Eligibility for the lower company tax rate clarified

On 19 September 2017, we considered the Exposure Draft legislation on eligibility for the lower company tax rate that was released on 18 September 2017.

On 18 October 2017, the Government released two documents to clarify eligibility for the lower company tax rate:

Uncertainty had arisen earlier this year as to whether passive investment, including ‘bucket’, companies should be eligible for the lower company tax rate based on the requirement in section 23AA of the Income Tax Rates Act 1986 that they were “carrying on a business.”

The Bill if legislated will amend section 23AA of the Income Tax Rates Act 1986 with a ‘bright line’ test for eligibility for the lower company tax rate with effect from 1 July 2017. The test will ensure that a company that meets the turnover threshold ($25 million in the 2018 income year) will not qualify for the lower company tax rate if more than 80% of its assessable income is passive income (such as interest, rent, dividends, royalties, or net capital gains). From 1 July 2017, unlike in the Exposure Draft and for the 2017 income year, there will not be a “carrying on a business” requirement.

For the 2017 income year, section 23AA of the Income Tax Rates Act 1986 stays unchanged. That is to be eligible for the lower company tax rate the company will need to be “carrying on a business” and have aggregated turnover less than $10 million.
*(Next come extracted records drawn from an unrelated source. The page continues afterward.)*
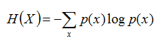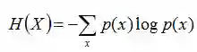 熵:如果一个随机变量X的可能取值为X = {x1, x2,…, xk},其概率分布为P(X = xi) = pi(i = 1,2, ..., n),则随机变量X的熵定义为:
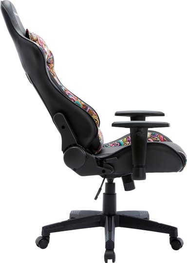 Den sorte fargen utfylles av det fargerike iskremdesignet til stripene, korsryggstøtten og hodestøtten.
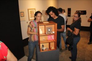 También participó en la apertura la artista visual Azucena Ibarra, quien habló de la memoria, que es elemental para las y los artistas, “sobre todo al considerar los factores que nos anclan como seres humanos, y creo que Nayeli lo hace muy bien a través de un proceso de bordar, de incidir, de generar, construir una incisión, una memoria, un doblez, un molde y todo lo que nos lleva a entender una narrativa de una historia personal de amor y desamor, de movimiento, de traslado y de adaptación”.
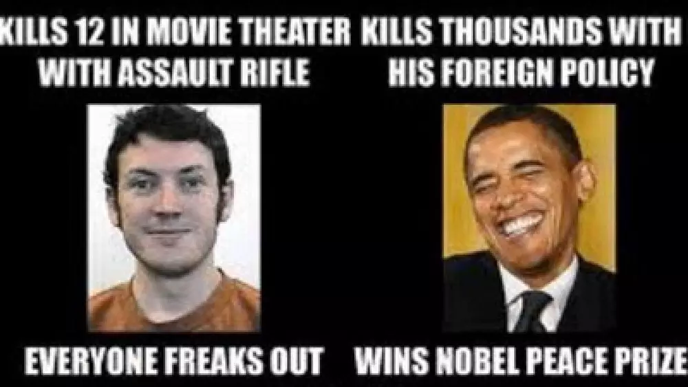 В городе Колдуэлл, штата Айдахо, члены оппозиционной политической организации вывесили в центре города рекламный щит, в котором сравнили деятельность президента США Барака Обамы с преступником из Колорадо Джеймсом Холмсом. Фотография Обамы появилась на электронном билборде рядом со снимком 24-летнего массового убийцы, находящегося в исправительном учреждении в ожидании предъявления ему официальных обвинений, с подписанным комментарием: "Убил 12 человек из автомата в кинотеатре - нарушил общепринятые нормы поведения, в том время как президент убил тысячи людей своей внешней политикой - получил Нобелевскую премию", - пишут неизвестные.
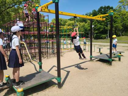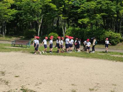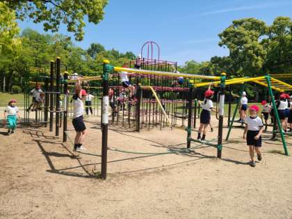 遊具遊びをおえた出発前にも、給水の列ができていました。
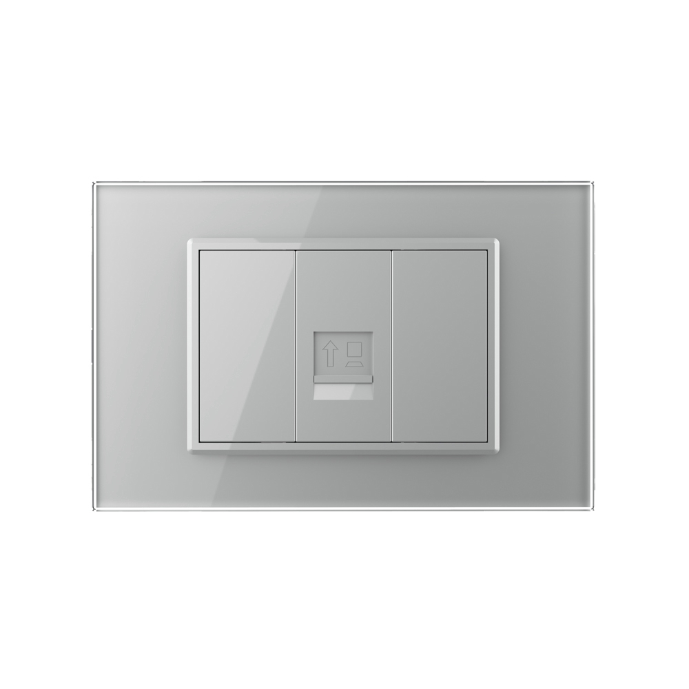 Priza Livolo pentru internet, cu rama din sticla, pentru dormitor, birou, camera copilului. Produse moderne de inalta calitate. Produsul este compatibil cu doze modulare in 3 module cu distanta dintre suruburi de 85 mm.

Unlike in the Exposure Draft, there is not a restriction on the amount of passive income derived by the company.

To, hopefully, help with determining when a company is “carrying on a business” for the 2017 income year, the ATO released TR 2017/D7 that contains the ATO’s preliminary views on that question together with examples.

Bright line test for the 2018 income year onwards

A company will qualify for the lower company tax rate if no more than 80% of the entity’s assessable income for that income year is “base rate entity passive income” and the aggregated turnover of the entity for that income year is less than the threshold for that year.

Broadly, ‘base rate entity passive income’ means:

  • distributions by corporate tax entities, other than dividends paid to the company by another company where the first company owns a greater than 10% interest;
  • non-share dividends (distributions on instruments classified as equity for tax purposes);
  • franking credits;
  • interest, royalties, and rent;
  • gains on certain debt securities issued at a discount;
  • net capital gains; and
  • partnership or trust distributions to the extent that partnership or trust income is traceable (directly or indirectly) to ‘base rate entity passive income’

The proposed legislation includes some key differences to the Exposure Draft:

  • the start date is 1 July 2017 (rather than 1 July 2016);
  • the removal of the “carrying on a business” requirement;
  • clarification of the definition of base rate entity passive income by:
  • including franking credits;
  • excluding amounts of exempt income or non-assessable non-exempt income (as those amounts do not form part of assessable income); and
  • ‘capital gains’ now being ‘net capital gains’, thereby excluding disregarded capital gains and allowing for capital losses.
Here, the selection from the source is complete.